Вот так встретили и провели на Краснослободский судоремонтный завод то, что осталось от “Гасителя”.
А потом началась волокита. Долго не восстанавливали: шли какие-то согласования. Теперь-то я знаю, какие. При плановой экономике внеплановые порывы энтузиазма не сразу обеспечивались деньгами. А включать народные пожертвования было не принято.
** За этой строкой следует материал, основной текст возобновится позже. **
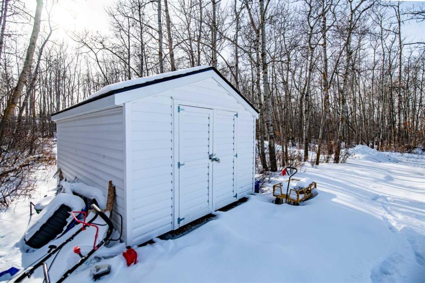 Located in a Prime Area of Sylvan Lake, this home offers Quick and Easy Access to The Lake / Shopping / Downtown Amenities / and all Major Entry Points to Sylvan Lake / while backing onto a Natural Treed Greenspace plus a Beautiful Park to the West of the property that gives you the feeling of Country Living Right In Town. This property has seen many upgrades over the past 20 months, including electrical upgraded to 100 amps by Townsend Electrical / plumbing upgraded to PLEX , a new hot water tank was installed by Fonda’s Plumbing / a new 10’ x 16’ shed / 6 ft high chain-link fencing along the full side of the house / a 12’ x 14’ all-season hard-top gazebo installed on a concrete patio / an extra-large freshly graveled parking area / a newer dryer withint the last year / the balance of appliances newer wtihin the last two years. Ideal as a starter home / retirement property / or Airbnb investment. If you added a second floor to this home, you could have a view of the Lake! OR remove the house and build your Dream Home. You could purchase as a Group and use it as your destination retreat to embrace what The Lake has to offer in all 4 Seasons. There is the possibility of purchasing pieces of furniture or all the furniture to be included. Easy to show!
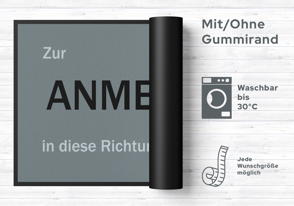 Pflegetipps: Waschen Sie die Fußmatte 10623 separat bei 40° Temperatur mit Feinwaschmittel, schleudern diese auf niedriger Stufe, dadurch richten sich die Fasern auf, der Mattenflor wird aktiviert und transportbedingte Falten und Knicke werden wieder glatt. Pflegen Sie so Ihre Fußmatte regelmäßig und Sie werden überrascht sein, wie viele Jahre Qualität und Farbe erhalten bleiben. Rückgaberecht ausgeschlossen, da es sich um eine individuelle Fussmatte handelt.

Вдобавок, очень многое зависело от позиции партийного начальства. Я уже уехал из Волгограда в Ярославль, когда узнал ещё об одной, причём далеко не мелкой причине торможения. Мне передали ответ первого секретаря Волгоградского горкома партии на вопрос: почему не делается памятник “Гасителю”? “Ну, вот я сейчас обращусь с этим предложением в Совет Министров Российской Федерации, – сказал он (тогда, в отличие от нынешнего времени, установка любого памятника согласовывалась и разрешалась правительством республики). – А меня спросят: все ли у вас в области хорошо с уборкой хлеба? И хорошо ли, активно ли помогает этому город, которым ты руководишь?”
Когда я узнал об этом, прямо скажу, рассвирепел. В миллионном городе не могут найти не слишком большие средства, чтобы воздать должное тем, кто, по сути дела, был одним из главных участников Сталинградской победы! Я тут же написал статью в газету “Советская Россия”. Это была газета ЦК КПСС. И рассказал о подвигах “малого флота”, о волоките с памятником и позиции первого секретаря Волгоградского горкома партии. Статью напечатали, после чего работа пошла, как нужно. И в 1977 году, к очередному юбилею, памятник был открыт. Он и сейчас стоит в пойме реки Царицы, вблизи главного речного вокзала, в центре Волгограда.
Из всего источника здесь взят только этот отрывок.